Up until I moved out (aged 30!) I would always find myself in the centre of my parents bed having long chats about this and that. When my dad was still around it would start with a cuddle with him and then I would hop in the middle and make sure I disturbed any ‘moment’ my parents might have been having. After dad had gone I would sit on his side with mum on her side, coffee’s in hand and we would try our best to continue the chats we always had. Funny thing was even though we sat next to each other we would find ourselves talking to one another via the big mirror in her bedroom. My sister would then stroll in after lying in for 3 hours and it made me yearn to have this with my daughter in the future…whenever it may be.

I have been told on numerous occasions that AlizĂ© is my karma for being so mischievous when I was younger. She has developed this little character that makes you just sit back and watch her in awe, some may replace the word awe with the word shock or horror! However, I am in awe of her. Yes I may have been a little (or extremely) naughty in my younger years, causing my parents to visit the head teachers room several times, and yes my daughter will most definitely have me walking down the same corridor of shame at some point in my life. For now however, she is a character that captures everyones heart when she walks in the room. She enters all destinations waving like the Queen, if you’re lucky she will sing and dance for you and if you’re doubly lucky she might flick her hair like Beyonce and cut her eye at you with some serious attitude. Either way she makes you smile in pure amazement at how old she is for her years.
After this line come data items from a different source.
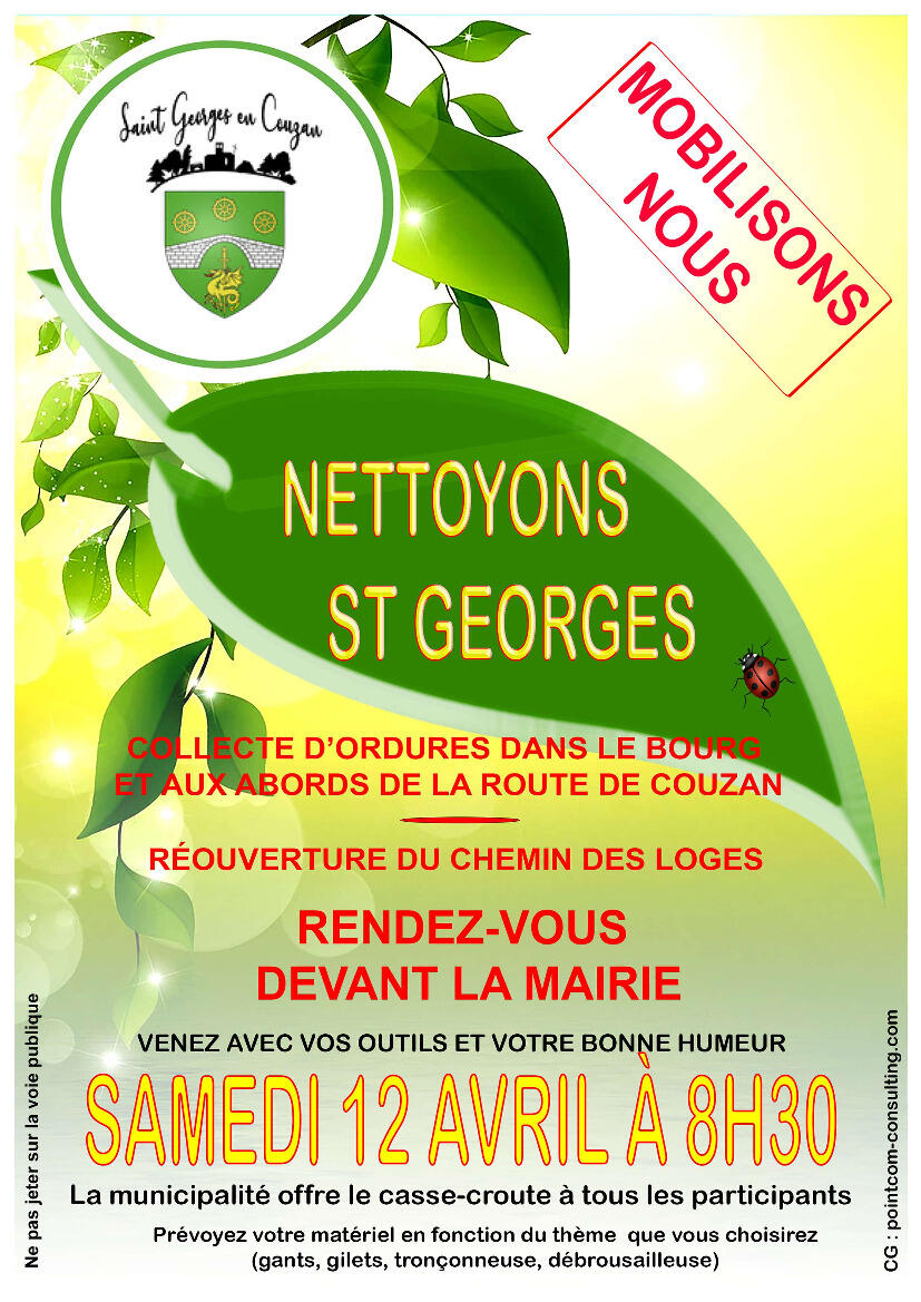NETTOYONS ST GEORGES 25-04-01 Rendez vous samedi 12 avril à 8h30 devant la mairie pour une collecte d'ordures dans le bourg et la réouverture du chemin des loges
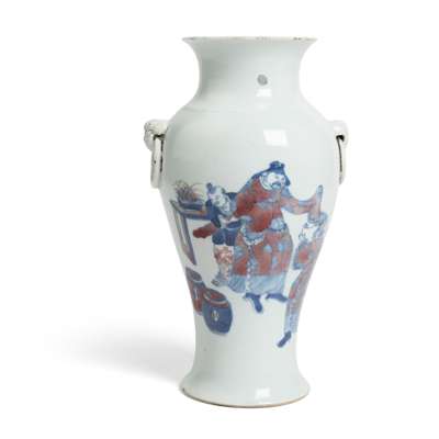 BLUE AND WHITE WITH UNDERGLAZED-RED BALUSTER VASE
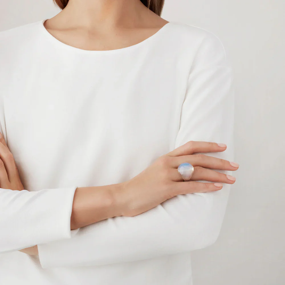 Lalique Cabochon Ring - Opalescent Crystal
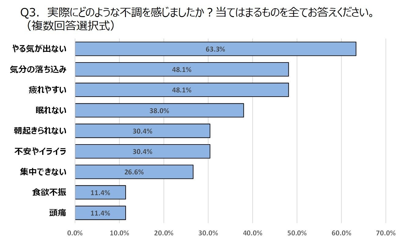 一方、身体面では、「疲れやすい」(48.1%)に加え、「眠れない」(38.0%)、「朝起きられない」(30.4%)といった睡眠に関連した不調も多くの人が経験していることが分かります。
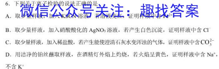 6.下列关于离子检验的说法正确的是A.取少量样液,加入KSCN溶液,若溶液变红,证明样液中含Fe^2+B.取少量样液,加入硝酸酸化的AgNO3溶液,若产生白色沉淀,证明样液中含Cl^-C.取少量样液,加入稀盐酸,若产生能使澄清石灰水变浑浊的气体,证明样液中含CO3^2-D.用洁净的铂丝蘸取样液,在酒精灯外焰上灼烧,若火焰呈黄色,证明样液中含Na^+,不含K^+
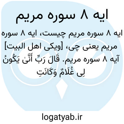 [ویکی اهل البیت] آیه 8 سوره مریم. قَالَ رَبِّ أَنَّیٰ یَکُونُ لِی غُلَامٌ وَکَانَتِ امْرَأَتِی عَاقِرًا وَقَدْ بَلَغْتُ مِنَ الْکِبَرِ عِتِیًّا
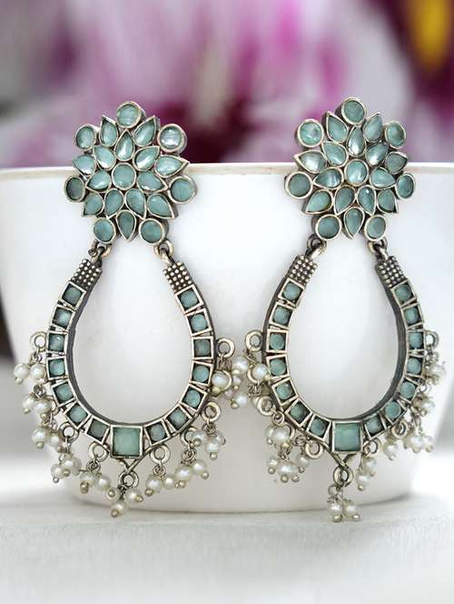- » white beads pattern handcrafted silver tone brass earrings
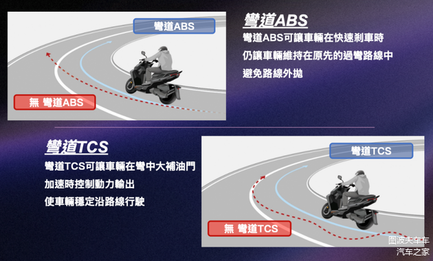 改款 MMBCU 搭载最新的 BOSCH 10 ABS 防锁死刹车系统、TCS 循迹防滑系统,另外品牌主打当家旗舰技术也并未缺席,包括智能油电.三零科技的零后仰系统 2.0、零噪音零污染怠速熄火系统、零延迟启动系统,让整体的行车质感有效提升。

From the moment I could speak I was a performer, entertaining all that was around me whether it be family or strangers. Years of drama schools and dance schools later I found myself as a working actress in my 20’s, but things change as some may say and I have yet to fulfil a dream that is hidden deep within me. Maybe one day I might just capture it, or perhaps I have my dream and it is going to shine within the mini me. When I look at my little girl I do not see karma, I see a character that I once was, a dream that I once had, living within her. I have enough in my life to keep me going and I will one day sit in an audience and watch my little karma live the dream that she will deserve.

I may not know much but I can bet my bottom dollar on it!